University College London researchers have discovered the recipe for painlessness.

According to a report on the UCL website, people born with a non-functioning Nav1.7 do not feel pain. Sodium channel Nav1.7 is particularly important for signalling in pain pathways.

Interestingly, drugs that block Nav1.7 have since been developed but they had disappointingly weak effects.

The new study, published in Nature Communications, reveals that mice and people who lack Nav1.7 also produce higher than normal levels of natural opioid peptides.

To examine if opioids were important for painlessness, the researchers gave naloxone, an opioid blocker, to mice lacking Nav1.7 and found that they started to feel pain. They then gave naloxone to a 39-year-old woman with the rare mutation and she felt pain for the first time in her life, the report has said.

A senior author, Professor John Wood of UCL Medicine, was pleased that after several years of trying to develop drugs that would combat pain, the secret ingredient had finally been found.

He said, “After a decade of rather disappointing drug trials, we now have confirmation that Nav1.7 really is a key element in human pain.

“The secret ingredient turned out to be good old-fashioned opioid peptides, and we have now filed a patent for combining low dose opioids with Nav1.7 blockers.

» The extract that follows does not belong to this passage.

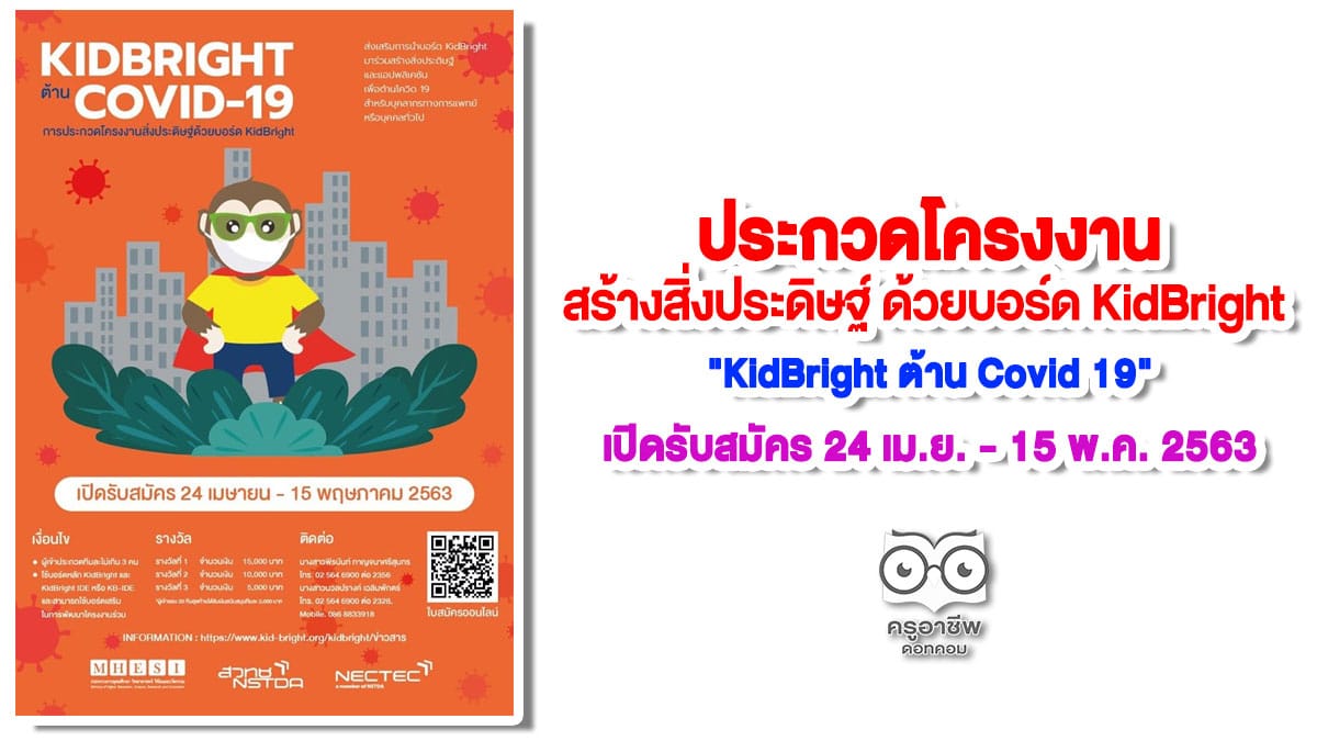 ขอเชิญประกวดโครงงานสร้างสิ่งประดิษฐ์ ด้วยบอร์ด KidBright ในโครงการ “KidBright ต้าน Covid 19” เปิดรับสมัคร 24 เมษายน – 15 พฤษภาคม 2563 ส่งเสริมการนำบอร์ด KidBright มาร่วมสร้างสิ่งประดิษฐ์และแอปพลิเคชัน เพื่อต้าน Covid-19 สำหรับบุคลากรทางการแพทย์หรือบุคคลทั่วไป

“This should replicate the painlessness experienced by people with rare mutations, and we have already successfully tested this approach in unmodified mice.”

Broad-spectrum sodium channel blockers are used as local anaesthetics, but they are not suitable for long-term pain management as they cause complete numbness and can have serious side-effects over time.

By contrast, people born without working Nav1.7 still feel non-painful touch normally and the only known side-effect is the inability to smell.

The findings were made possible by the use of ‘transgenic’ mice, meaning they were modified to carry genetic material from another organism – in this case, the mutation that prevents humans from feeling pain.

Precise physiological experiments showed that the nervous systems of the transgenic mice contained around twice the levels of naturally-produced opioids as unmodified mice from the same litter.